Pline l’Ancien (23-79 ap. J.-C.) a été un véritable encyclopédiste. Appartenant à l’ordre équestre, il a, durant sa carrière, exercé des commandements militaires et des procuratèles. Il a trouvé la mort lors de l’éruption du Vésuve, en 79 de notre ère. Esprit curieux de tout et grand érudit, il a rédigé plus de 500 volumes. De cette immense somme de travail, seule subsiste aujourd’hui son Histoire naturelle en 37 livres publiée en 77.
Dans le livre II figure un court commentaire sur la canicule, « qui attise la chaleur du soleil ». Le petit extrait souligne les effets ravageurs de « cet astre (canicula signifie « petite chienne » et désigne l’étoile Sirius) » qui parviendrait même à faire « s’agiter » les vins dans les caves et rendre les chiens encore plus enragés !
« XL (107) Qui donc ignore que le lever de la Canicule attise la chaleur du soleil ? Les effets de cet astre sont les plus considérables qui soient ressentis sur terre : quand il se lève, les mers bouillonnent, les vins s’agitent dans les caves, et les eaux stagnantes se mettent en mouvement.
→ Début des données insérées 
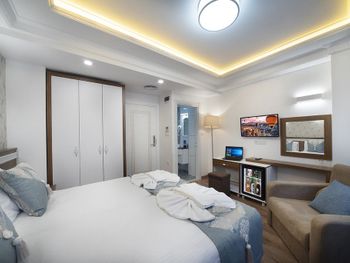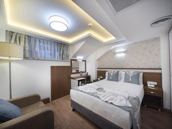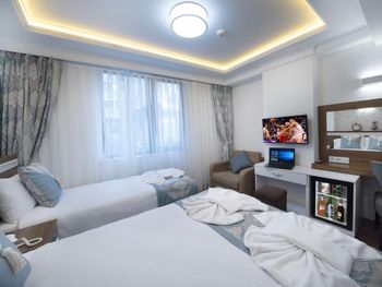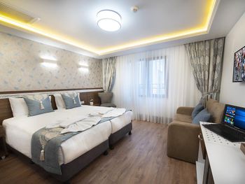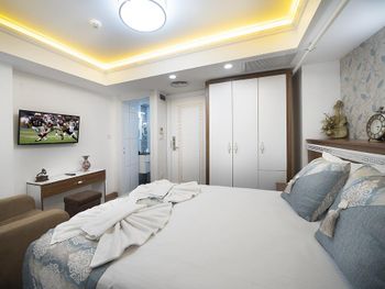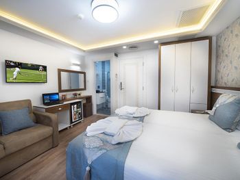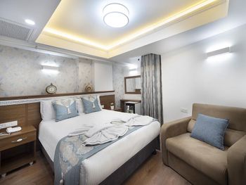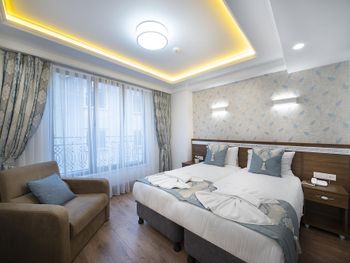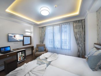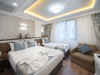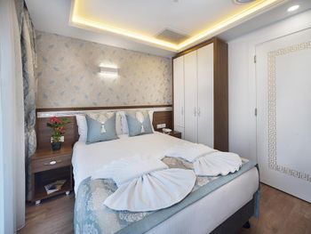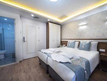 Небольшой уютный отель. Есть лифт. Комфортный, тихий, чистый номер. В номере тепло (были в январе), батарея от стены до стены. Хороший напор воды в душе. Фен, чайник и холодильник - отлично работают. Хороший Wi-Fi. Полотенца меняли каждый день, постельное белье 1 раз за 5 ночей. Уборка каждый день. В санузле есть гель, шампунь, мыло. Есть одноразовые тапочки. Отель в шаговой доступности от достопримечательностей. Рядом кафе, хамам, на соседней улице аптека и супермаркет. Хорошее соотношение цена-качество. Муэдзин очень красиво пел в 06:45 как раз у нас был подъем. Персонал благополучно разрешил вопрос с путаницей в бронировании. В распечатке на русском языке было указано 2 номера и 4 гостя, а в распечатке бронирования на турецком языке и на компьютере в отеле 2 номера и 2 гостя. На сайте отеля одинаковая цена за улучшенный номер за 1 или за 2 гостя. Нас не обманули и не требовали дополнительную оплату. Сотрудники были приветливы предоставили дополнительно стаканчики для чая и помогли погрузить чемоданы в машину.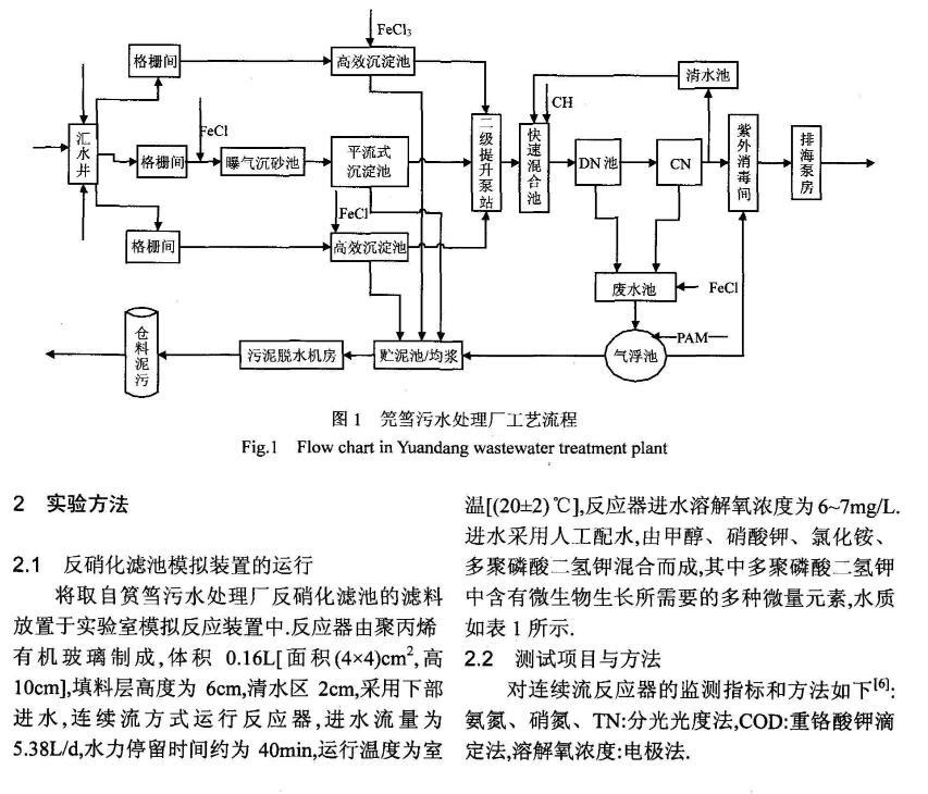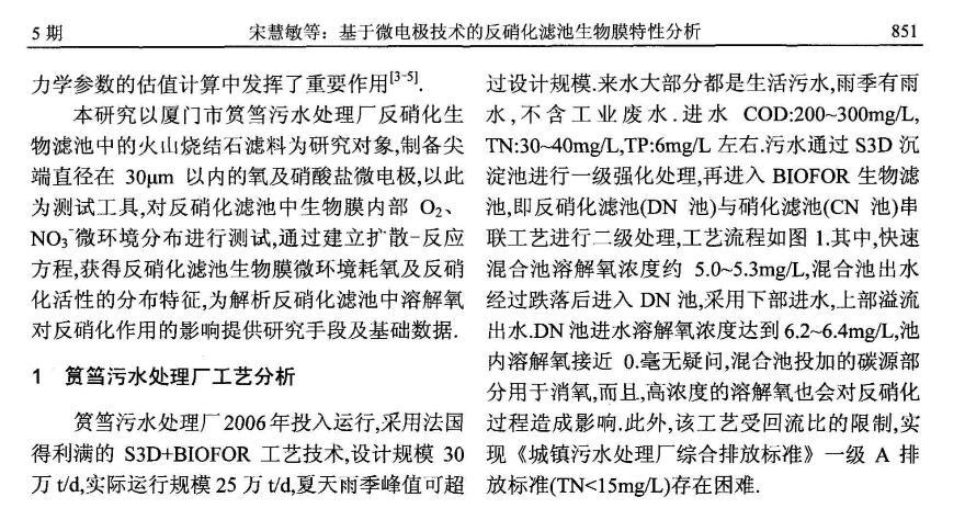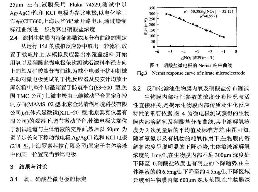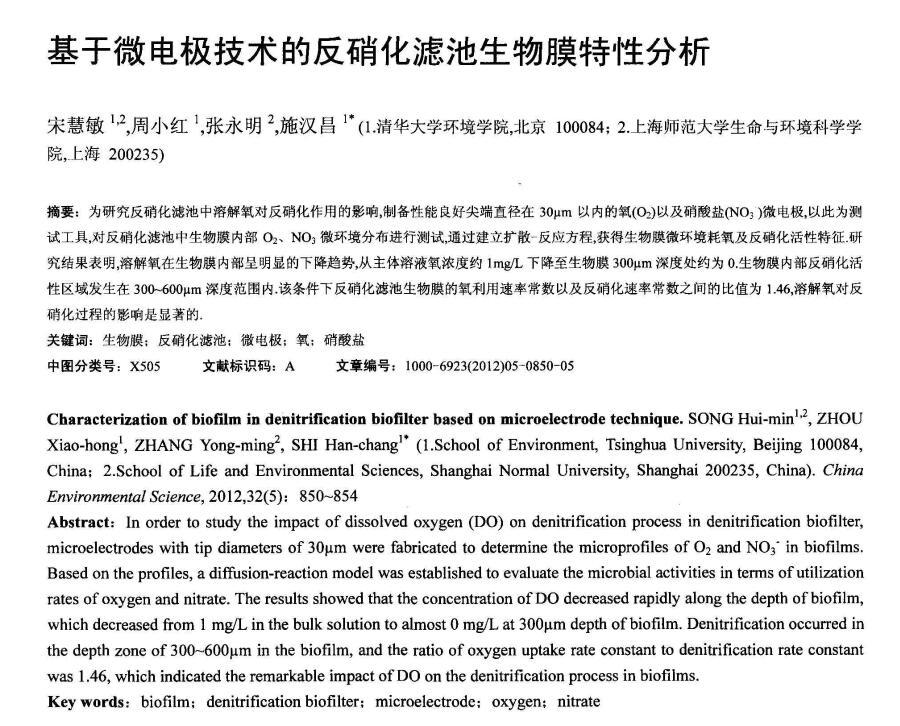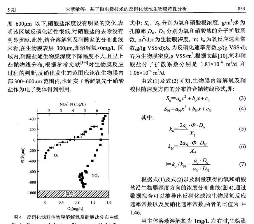 為研究反硝化濾池中溶解氧對反硝化作用的影響,制備性能良好尖端直徑在30μm以內(nèi)的氧(O2)以及硝酸鹽(NO3-)微電極,以此為測試工具,對反硝化濾池中生物膜內(nèi)部O2、NO3-微環(huán)境分布進(jìn)行測試,通過建立擴(kuò)散-反應(yīng)方程,獲得生物膜微環(huán)境耗氧及反硝化活性特征。研究結(jié)果表明,溶解氧在生物膜內(nèi)部呈明顯的下降趨勢,從主體溶液氧濃度約1mg/L下降至生物膜300μm深度處約為0.生物膜內(nèi)部反硝化活性區(qū)域發(fā)生在300~600μm深度范圍內(nèi)。該條件下反硝化濾池生物膜的氧利用速率常數(shù)以及反硝化速率常數(shù)之間的比值為1.46,溶解氧對反硝化過程的影響是顯著的。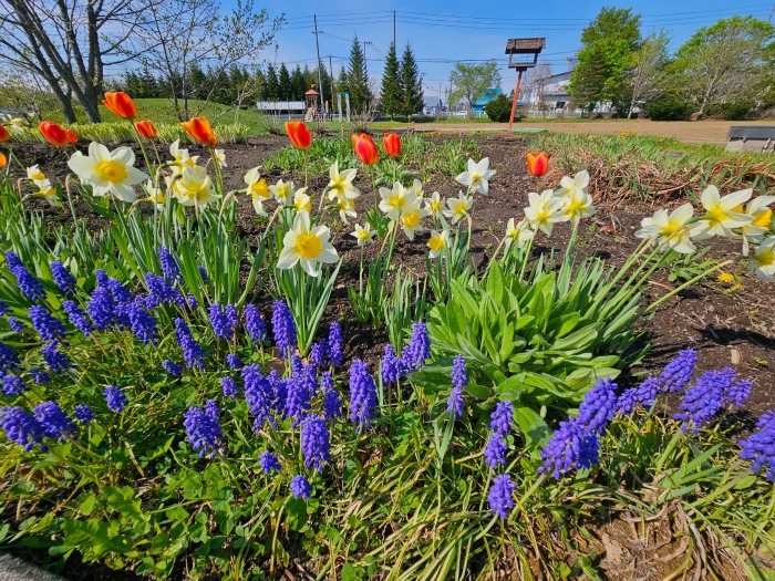 花壇のスイセン、ムスカリ、チューリップも、綺麗に咲き誇りました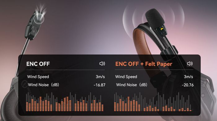 ¿Le preocupa el ruido del viento en entornos de producción al aire libre? El Solidcom C1 Pro ofrece una solución versátil que evita que el flujo de aire golpee directamente el micrófono. Con el papel de fieltro Y5 diseñado para el micrófono principal como filtro de viento, así como la almohadilla del micrófono, los auriculares pueden reducir el ruido del viento en 20,76 dB. Puede disfrutar de total tranquilidad en entornos de producción donde el ruido del viento es un desafío importante.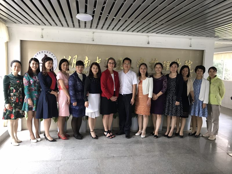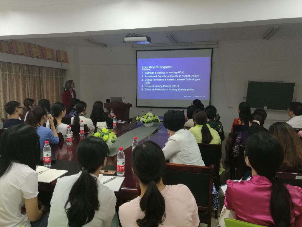 2017年9月5日我院海外名师美国华盛顿大学Basia教授在我院会议室举行《美国华盛顿大学的护理与科研》的讲座。会议由我院陈偶英教授主持,我院罗尧岳院长,研究院附属医院陈燕院长,彭小玉主任,夏爱明主任,黄静副主任,湖南省儿童医院朱丽辉副院长,中医附一护理部冯进、廖若夷副主任,何亚娜、彭廷云护士长,我院潘晓彦教授,李东雅副教授,青年教师及研究生参加了此次会议。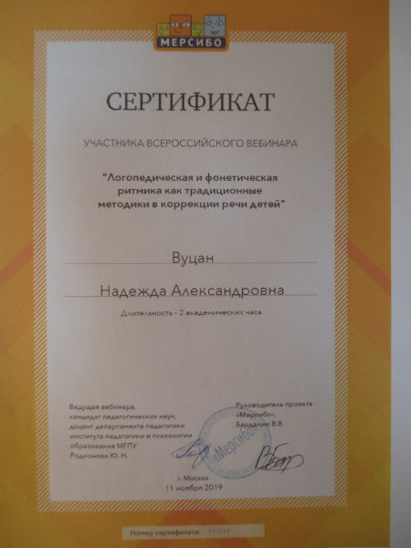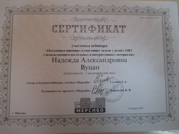Сертификат участника вебинара г.Москва, проект «Версибо»

En Égypte, on appelle « Oryx » un animal sauvage qui, prétend-on, se tient face à lui à son lever et le contemple, comme s’il l’adorait, après avoir éternué. En tout cas il ne fait aucun doute que, pendant toute cette durée, les chiens sont particulièrement sujets à la rage ».
Pline l’Ancien, Histoire naturelle, Livre II, XL (107), Bibliothèque de La Pléiade, p. 95, extrait.